Future Computing Environments

PUI Workshop Submission


CyberDesk: The Use of Perception in Context-Aware Computing


Anind K. Dey, Gregory D. Abowd
Graphics, Visualization & Usability Center
Georgia Institute of Technology
Atlanta, GA 30332-0280 USA
+1-404-894-7512
{anind, abowd}@cc.gatech.edu

The CyberDesk project [1] is concerned with providing relevant context-aware services to users. Context-aware services are computational processes whose behavior is adapted based on changes in the perceptions of a user. These perceptions include a user's physical and emotional state as well as his actions. CyberDesk provides a framework for gathering perceptual (or contextual) information and processing this information. When the user's state changes, CyberDesk uses the updated information to find services that the user may find useful. More information on CyberDesk can be found in [2]. Currently in CyberDesk, we integrate information about the data and applications a user is working with, the user's location and time of day to find appropriate services. We are working to incorporate speech, gestures, and models of the user to make the framework more powerful.

Types of Context

A user's context or perceptions can be divided into three categories: physical, action-based, and emotional.

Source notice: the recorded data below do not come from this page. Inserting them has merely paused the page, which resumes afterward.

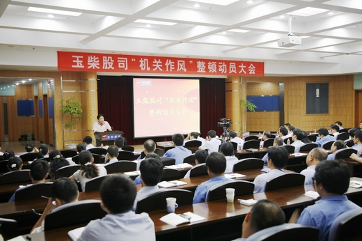 股份公司是集团所有板块的核心,既是技术的核心、创新的核心,更是管理和人才的核心。股份公司这支队伍的水平可以反映出集团的队伍水平。股份公司是生产发动机的,发动机属于汽车行业的中间产品,处在上游与下游之间,生存和发展危机时刻存在。我们必须要在人才团队、企业文化建设方面形成竞争优势。因为玉柴一直保持在行业领先的地位,队伍滋生了自满、麻木的思想,出现这样那样的懈怠现象,这是极其危险的。 我们这支团队必须要打造成行业最优秀的团队,要有过硬的作风,而过硬的作风是靠打造出来的。“机关作风”整顿,是切实解决领导干部和职能部门突出作风问题、建设高效团队的现实需要,是适应玉柴事业高速发展、实现集团“十二五”宏伟蓝图的全局考虑。
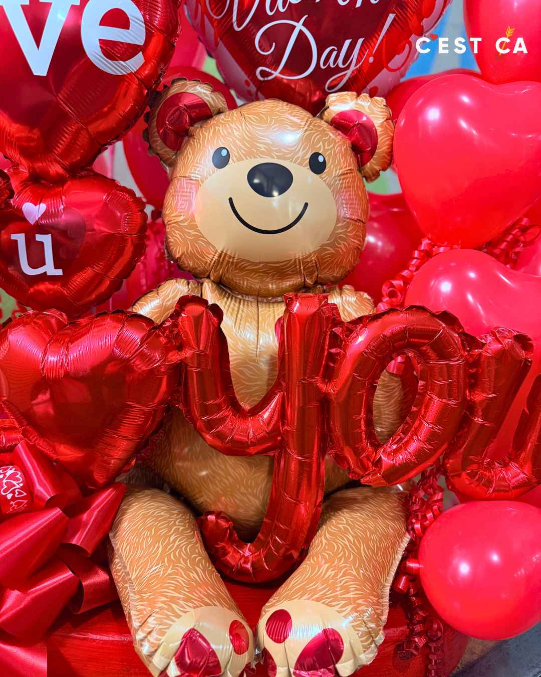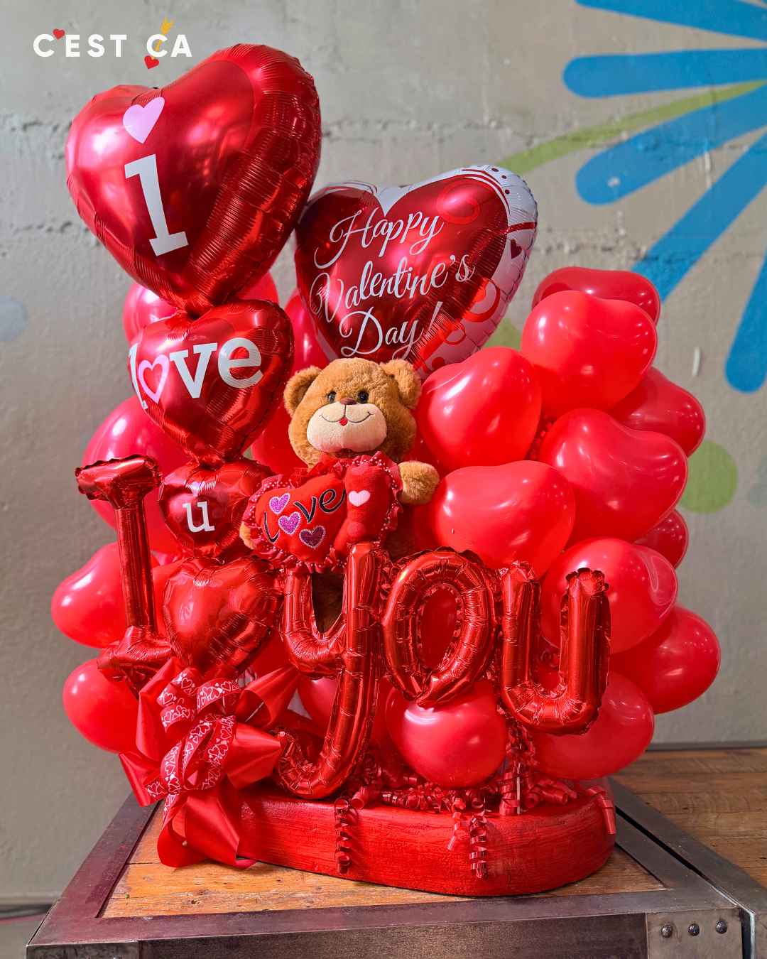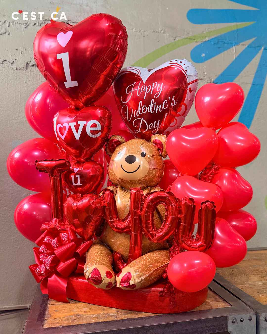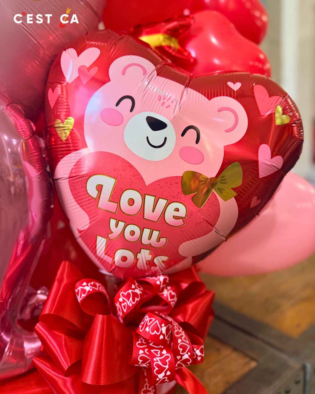 Layers of love! Heart balloons, Valentine wishes, and a teddy that says it all.
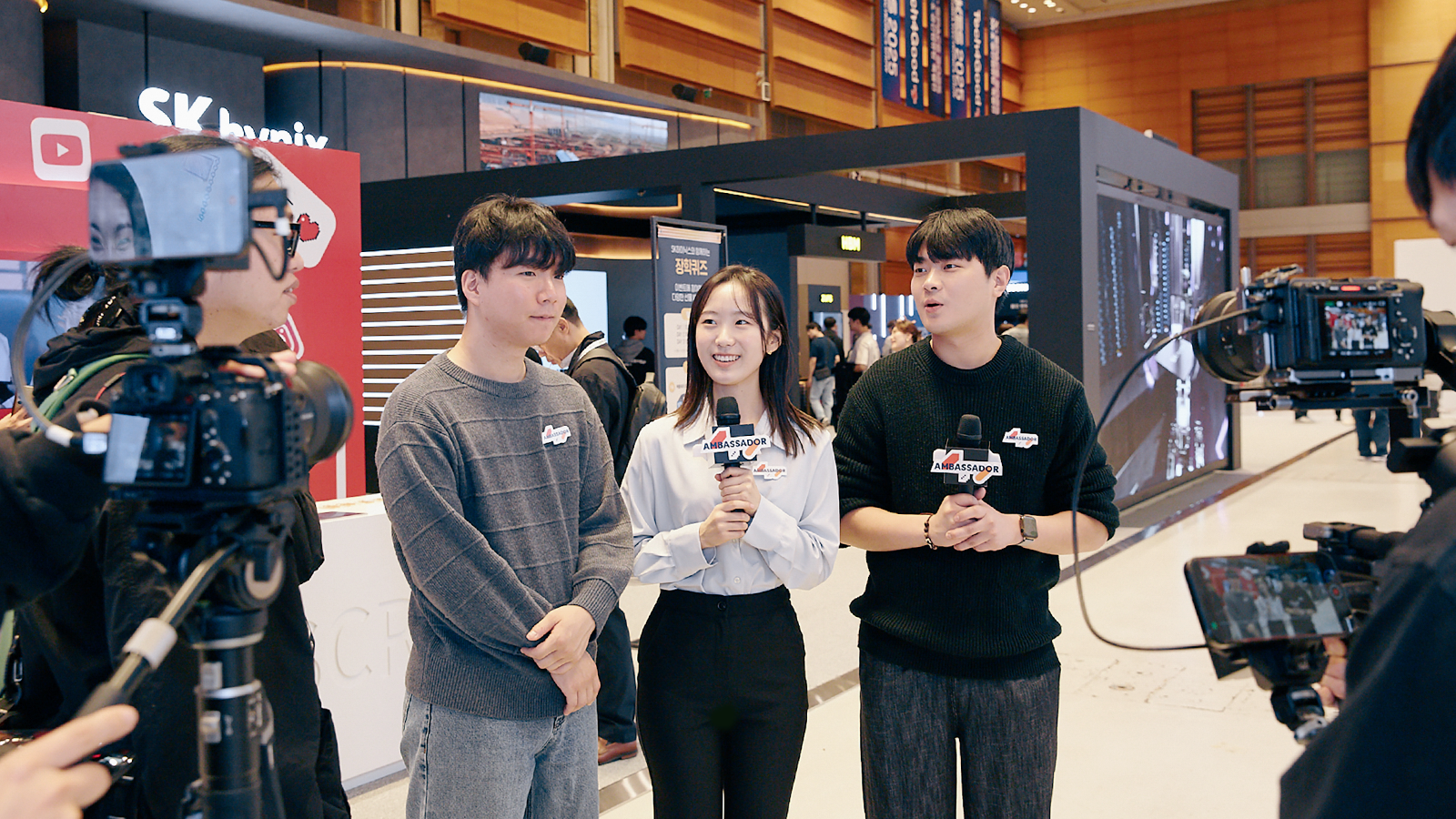 ▲ 전시관 곳곳을 살피며 주요 전시를 영상으로 담고 있는 SK하이닉스 대학생 앰버서더들의 모습
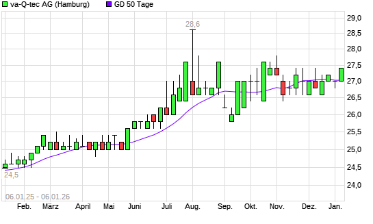 Mit dem Anstieg auf 27,20 EUR hat die va-Q-tec-Aktie am 05.01.2026 die 50-Tage-Linie nach oben gekreuzt.

Physical context consists of objective information about the user. It includes:

Action-based context consists of actions the user takes that leads to determining a focus of attention. It includes:

Emotional context includes:

These three categories apply not only to the user (first person perspective) but also apply to other people in the environment (third person perspective), as well as objects in the environment. Context also involves a time perspective, since context can be viewed at a point in time or over a period of time. All these perspectives are important for providing useful services to the user.

Use of Context

The general mechanism for context-aware computing is summarized in the following steps:
  1. collect information on the user's state
  2. analyze the information, either treating each piece individually or combining it with others, collected in the past or present
  3. perform some action based on the analysis
  4. repeat from step 1, with some adaptation based on previous iterations.

We have found that the greater the knowledge of the user's context, the better CyberDesk is able to support the user in his task. Step 1 is important for gathering as much information as possible about the user and his environment. Step 2 appears to be the most difficult. This step involves a type of sensor fusion: the integration of multiple sources (and types) of information into a useful entity that CyberDesk can use to locate and present relevant actions to the user (Step 3). CyberDesk currently supports Steps 2 and 3. We are currently upgrading CyberDesk to support Step 4. This will help CyberDesk be more effective in finding relevant actions.

Examples

Examples of CyberDesk's functionality are shown below, using both action-based and physical perceptual information.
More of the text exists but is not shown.